Paró el coche en seco en el aparcamiento del motel e, igual que la noche anterior se puso el abrigo y cogió el petate. Pidió una habitación en la planta baja y cerca del aparcamiento, y el recepcionista se la dio sin preguntarle nada. A lo mejor era el rasgo distintivo de los de ese oficio, pensó al recordar al del otro motel; la capacidad de no inmutarse por nada.

Entraron en la habitación, que era calcada a la de la competencia, y Simon dejó el petate en el suelo. Sacó de él otra camiseta y el neceser, y caminó en dirección al baño.

—Iré a ducharme —le dijo.

—¿Quieres que te ayude con las heridas? —preguntó ella, que al parecer había interpretado su silencio como una muestra de cansancio y no de dolor.

«Claro —pensó Simon—, Mara no sabe que la he oído hablar con su tío».

—No hace falta —respondió—, seguro que tú también estás cansada. ¿Sabes qué?, dúchate tú primero, así podrás acostarte.

Ella lo miró a los ojos.
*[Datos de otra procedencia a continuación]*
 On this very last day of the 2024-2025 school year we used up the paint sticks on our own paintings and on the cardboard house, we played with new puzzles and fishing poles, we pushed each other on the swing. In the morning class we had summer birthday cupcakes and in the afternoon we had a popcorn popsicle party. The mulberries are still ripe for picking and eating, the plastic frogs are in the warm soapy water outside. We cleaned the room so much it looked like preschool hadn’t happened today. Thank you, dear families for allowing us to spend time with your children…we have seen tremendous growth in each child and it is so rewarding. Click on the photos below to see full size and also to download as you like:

Aquel Simon tan distante no se parecía en nada al que la había desvestido esa misma mañana. Claro que se había peleado con unos seres sanguinarios y que estaba hecho polvo.
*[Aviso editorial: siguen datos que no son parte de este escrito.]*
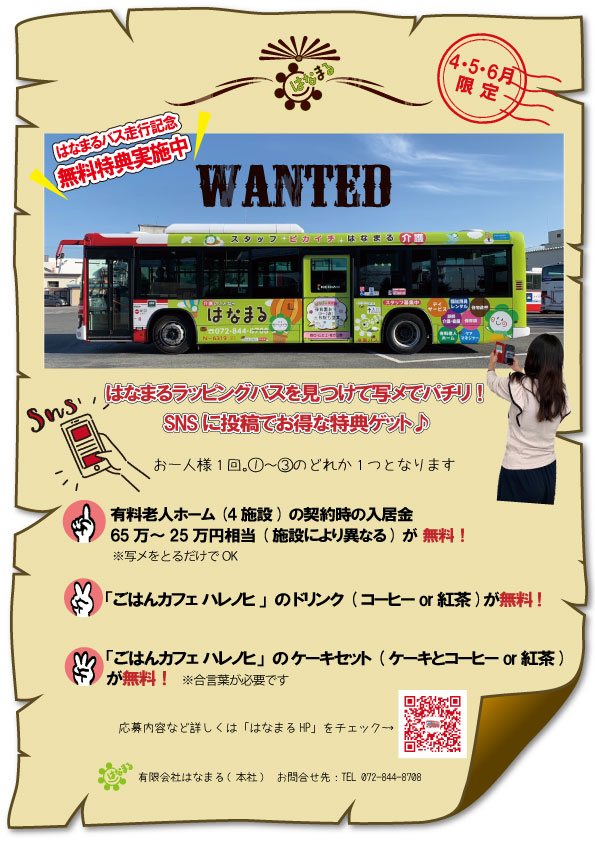 介護や保育園事業を枚方中心に展開している「はなまる」では、はなまるラッピングをほどこした京阪バスを枚方市内中心に4月から1年間走らせます。
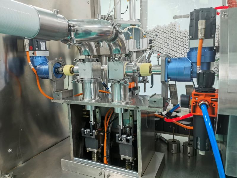 Tube filling machinery adopted self-clean system using compressed air blowing and vacuum suction to clean inside tube. The depth of the blowing head lower down into tubes is controllable and adjustable in a reliable way. machinery is equipped with a sensor to check whether the operation is executed. If the operation is not executed, the tube filling machines will stop and alarm.。

—Gracias —aceptó el caballeroso gesto—. No tardaré nada. ¿Puedo coger otra camiseta?

—Coge lo que quieras. —«Ya te has quedado con mi corazón».
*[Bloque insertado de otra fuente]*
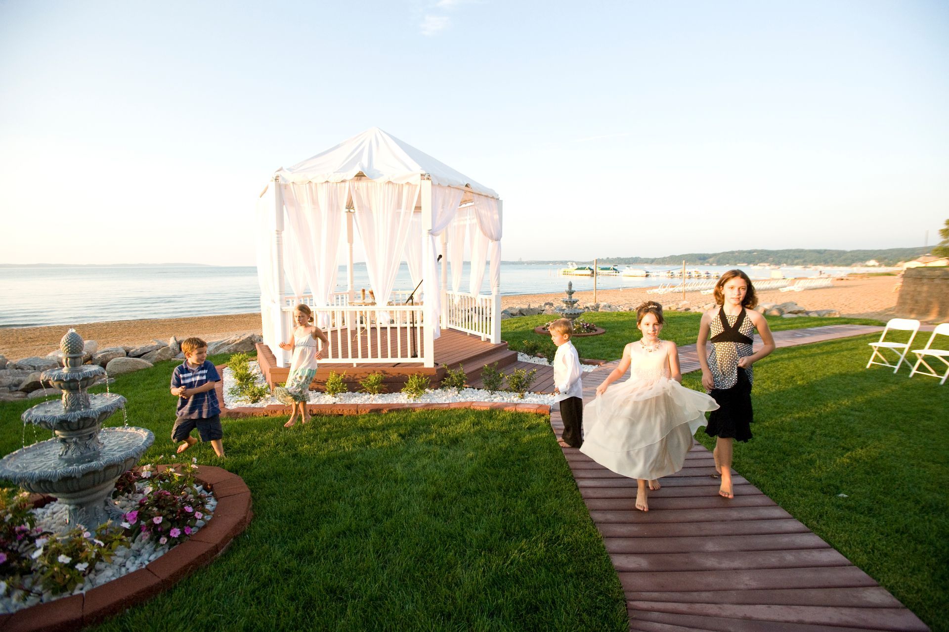 If you are looking for that perfect romantic beachfront location to say your “I Do’s”, look no further. This stunning venue offers a romantic setting featuring East Grand Traverse Bay as your backdrop. Packages can be designed to accommodate your needs for up to 50 people and start at $750.00. Our dedicated staff will assist with set up and tear down. Additionally the Parkshore Resort can host your event dinners and hotel accommodations.
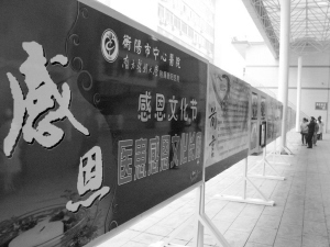 ↑醫(yī)患感恩文化長廊向人們講述著一個個感人的故事。
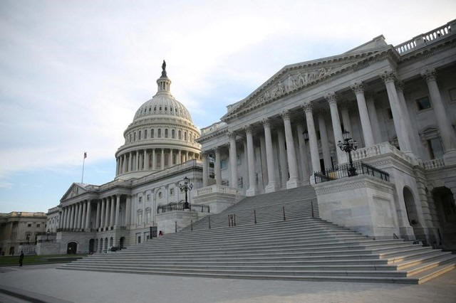 The U.S. Capitol Building is seen shortly before sunset in
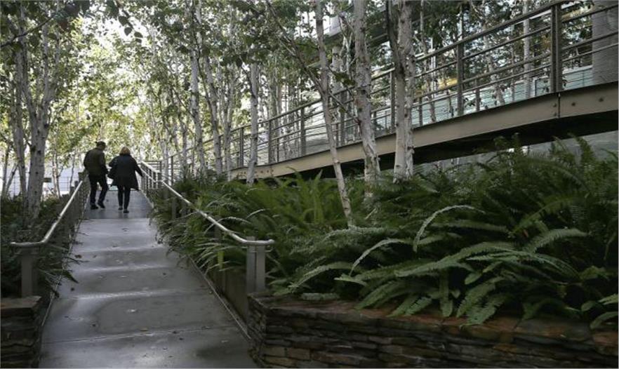 這場旅行很生動,因為所在地不是在一些森林峽谷中,而是在舊金山波特雷羅山底部2個辦公建筑之間的一個層疊狀的廣場上。這塊標志性的自然區(qū)域建于2002年,現(xiàn)在富有情感力——歸于時間的發(fā)展形成,將景觀設計從其他設計領域中區(qū)別開來。
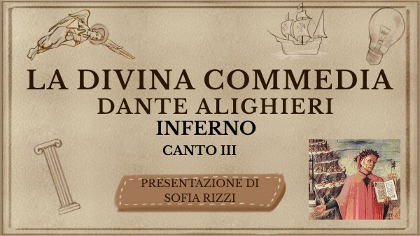 "Attraverso me si entra nella citta della sofferenza,attreverso me si va dove il dolore è eterno, attraverso me si va tra le anime dei dannati. Il mio Creatore (Dio) fu mosso dalla volontà di giustizia: fui creato dal divino potere (Dio), dalla somma sapienza (Figlio) e dal primo amore (Spirito Santo). Prima di me non fu creata nessuna cosa, se non eterna, e io durerò per sempre. Abbandonte ogni speranza voi che entrate."
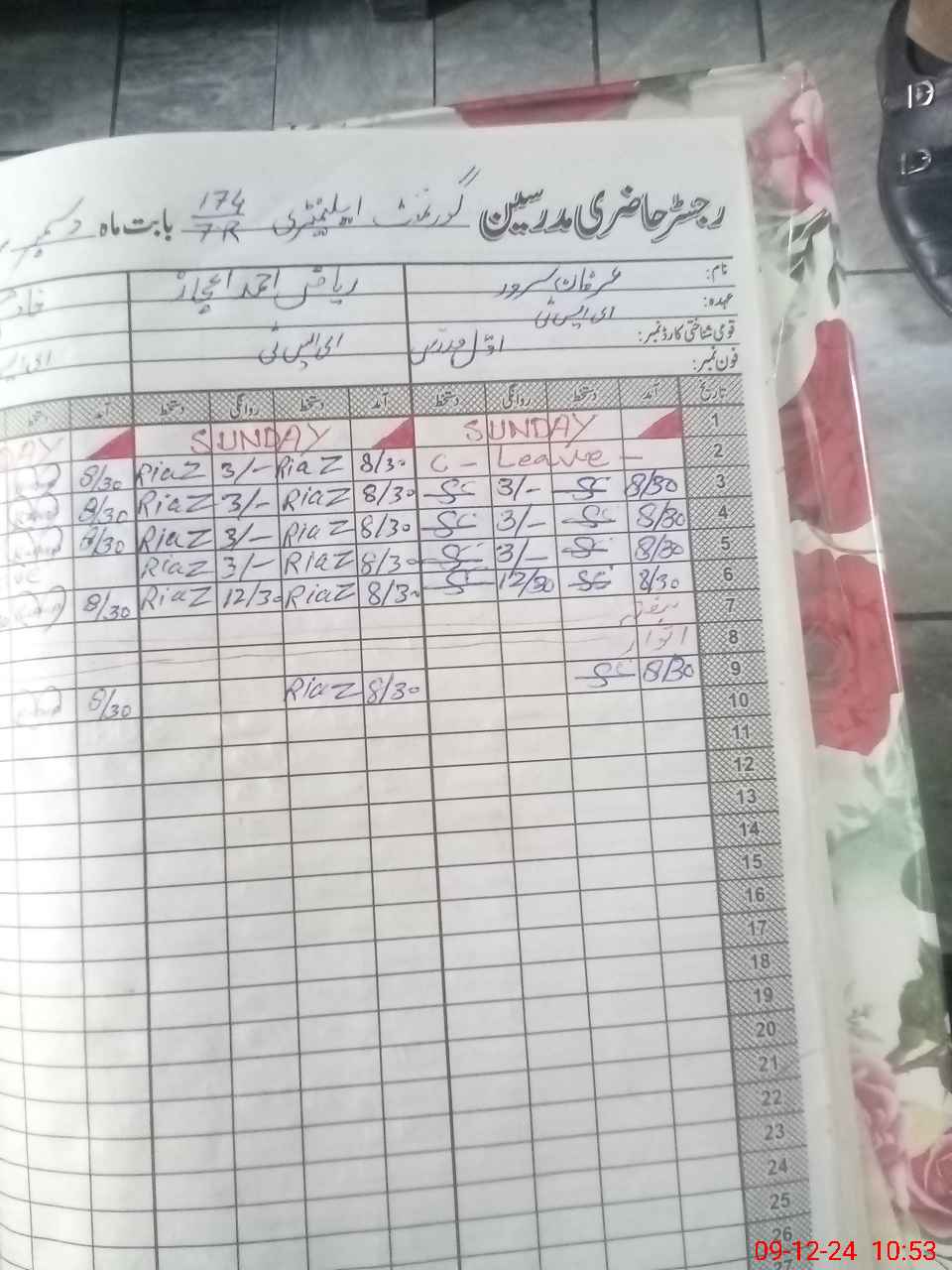 | CNIC | Full Name | Designation | R/C | Absence During Last Calender Month |
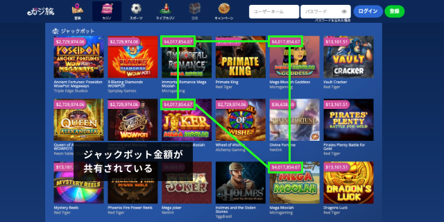 これらは全てジャックポットスロットとなっていて、メガムーラと同額のジャックポットが共有されています。メガムーラとは趣向の違ったスロットになっていますので、是非プレイしてみてください。
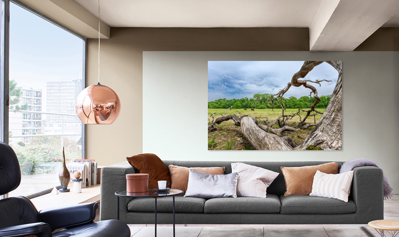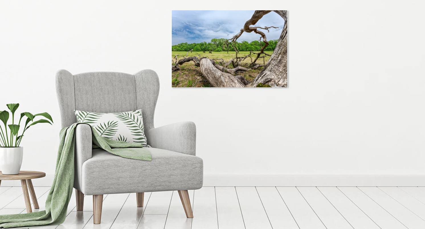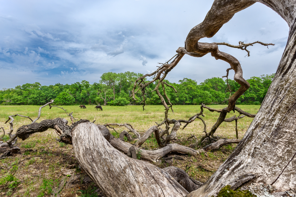 Imaginea surprinsa de fotograf reprezinta natura de pe Grindul Letea, din Delta Dunarii, in toata spendoarea sa: un imens stejar cazut, cai salbatici in fundal si hasmacuri cu vegetatie arboricola.
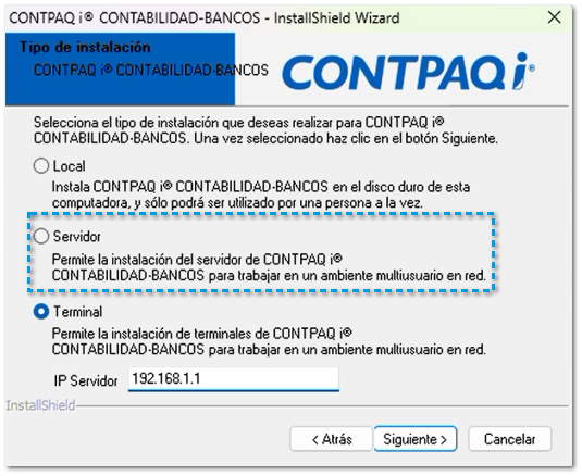 Realiza la instalación del sistema de CONTPAQi Contabilidad® y/o CONTPAQi Bancos® como servidor, indicando mediante el asistente de instalación que no se desea instalar SQL Server.

Mara cumplió su palabra y salió del baño en menos de cinco minutos. Simon entró después y se metió bajo el grifo del agua caliente hasta que ésta empezó a salir fría. Luego se sentó en el retrete y se remendó lo mejor que pudo. Su cuerpo empezaba a ser mortal, y si no bebía de su alma gemela iba a tardar unos días en curarse. Se quedó en el cuarto de baño mucho más tiempo del necesario y cuando salió había conseguido su propósito: Mara estaba completamente dormida. Se metió en la otra cama sin hacer ruido y cerró los ojos, quizá así se olvidaría de que ella iba a traicionarlo.